The maximum entropy principle states that for n equally probable outcomes, entropy reaches its maximum value of log₂(n) bits. This represents complete uncertainty—you have no information favoring any particular outcome. Conversely, when one outcome has probability 1 and all others have probability 0, entropy equals zero, indicating complete certainty. Real-world distributions typically fall between these extremes, with entropy quantifying the degree of uncertainty.
Beyond its mathematical elegance, Shannon entropy connects deeply with thermodynamic entropy from physics. While Shannon entropy measures information content in communication systems and thermodynamic entropy measures disorder in physical systems, both share fundamental mathematical structures. This connection, explored by physicists like Boltzmann and later formalized in information theory, reveals profound relationships between information, energy, and the physical universe.
Frequently Asked Questions
Shannon entropy, introduced by Claude Shannon in 1948, measures the average information content or uncertainty in a random variable. It quantifies how much information is needed, on average, to describe the outcome of a random event. Higher entropy indicates more uncertainty and unpredictability. It's fundamental to information theory, data compression, cryptography, and machine learning.
Shannon entropy is calculated using the formula H(X) = -Σ p(x) × log₂(p(x)), where p(x) is the probability of each event and the sum is taken over all possible events. The logarithm base 2 gives entropy in bits. For example, a fair coin flip has entropy of 1 bit: H = -(0.5×log₂(0.5) + 0.5×log₂(0.5)) = 1 bit.
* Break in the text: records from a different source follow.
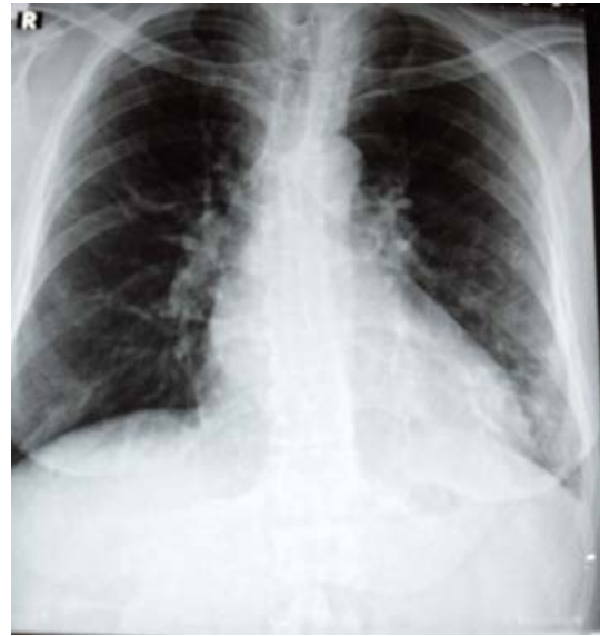
Figure 2. Chest X-ray 7 days later.

Definitive diagnosis of H1N1 was confirmed after discharged from hospital by nasal swab result which was done by Refik Saydam National Public Health Agency, Virology reference and research laboratory, national influenza center. Influenza A (H1N1)v PCR was performed with Qiagen artus
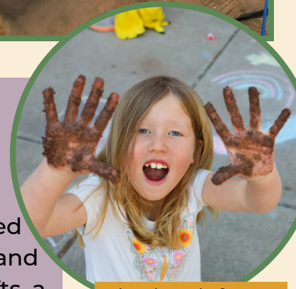
Dirty hands from a STEAM project

Spring Break activities at Hal Jensen Recreation Center were a hit, drawing strong participation throughout the week. Youth enjoyed daily games like whiffleball, dodgeball, kickball, and basketball, along with arts and crafts, a cooking class, and a movie in the gym. Highlights also included field trips to Jay Lively for ice skating, PuttTek for mini golf, and Starlite Lanes for bowling.
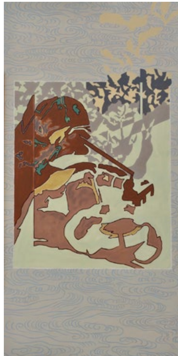
Side Line (Scroll No. 4)

Acrylic on canvas 48 x 24 in. / 122 x 61 cm 2021
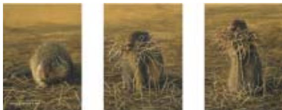
“Ground Squirrel Study” Open Edition 3 @ 5” x 7”
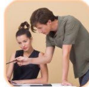
work in the company
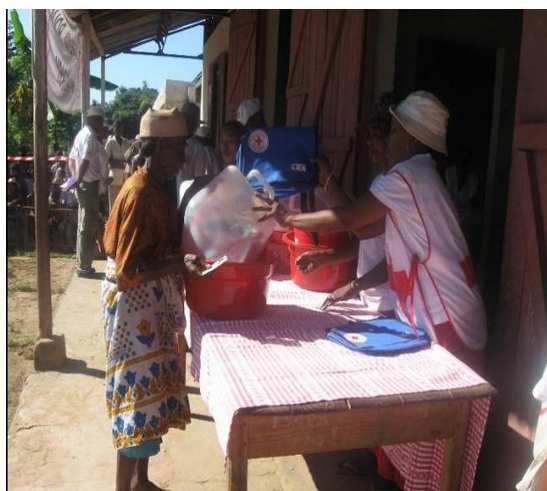
A woman receiving NFIs after the cyclone and subsequent floods destroyed her house.

28 April 2011. This ensured that the affected families received immediate assistance necessary to alleviate their suffering. The volunteers also rehabilitated wells, treated water from wells and other sources as well as trucked treated water to ensure that the affected households had adequate access to safe drinking water.
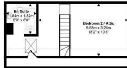
Second Floor Approx 29 sq m / 313 sq ft

Maximum entropy occurs when all events are equally probable. For n equally likely events, maximum entropy is log₂(n) bits. For example, with 8 equally probable outcomes (each with probability 1/8), maximum entropy is log₂(8) = 3 bits. This represents maximum uncertainty - you need 3 bits to specify which of the 8 outcomes occurred.
Shannon entropy establishes the theoretical lower bound for lossless data compression. It represents the minimum average number of bits needed to encode messages from a source. Compression algorithms like Huffman coding and arithmetic coding approach this theoretical limit. If a source has entropy of 2.5 bits per symbol, you cannot compress it below 2.5 bits per symbol without losing information.
While both measure disorder or uncertainty, Shannon entropy quantifies information content in communication systems, while thermodynamic entropy measures disorder in physical systems. Shannon entropy is measured in bits (or nats), while thermodynamic entropy uses joules per kelvin. However, they share deep mathematical connections, and Shannon was inspired by Boltzmann's thermodynamic entropy formula.
In machine learning, entropy measures impurity or uncertainty in datasets. Decision tree algorithms like ID3 and C4.5 use entropy to select the best features for splitting data. Information gain, calculated as the reduction in entropy after a split, determines which feature provides the most information. Lower entropy after splitting indicates better classification.
No, Shannon entropy is always non-negative and cannot exceed log₂(n) for n possible outcomes. Entropy equals zero only when one event has probability 1 (complete certainty). It reaches maximum log₂(n) when all n events are equally probable (maximum uncertainty). These bounds are fundamental properties of the entropy function.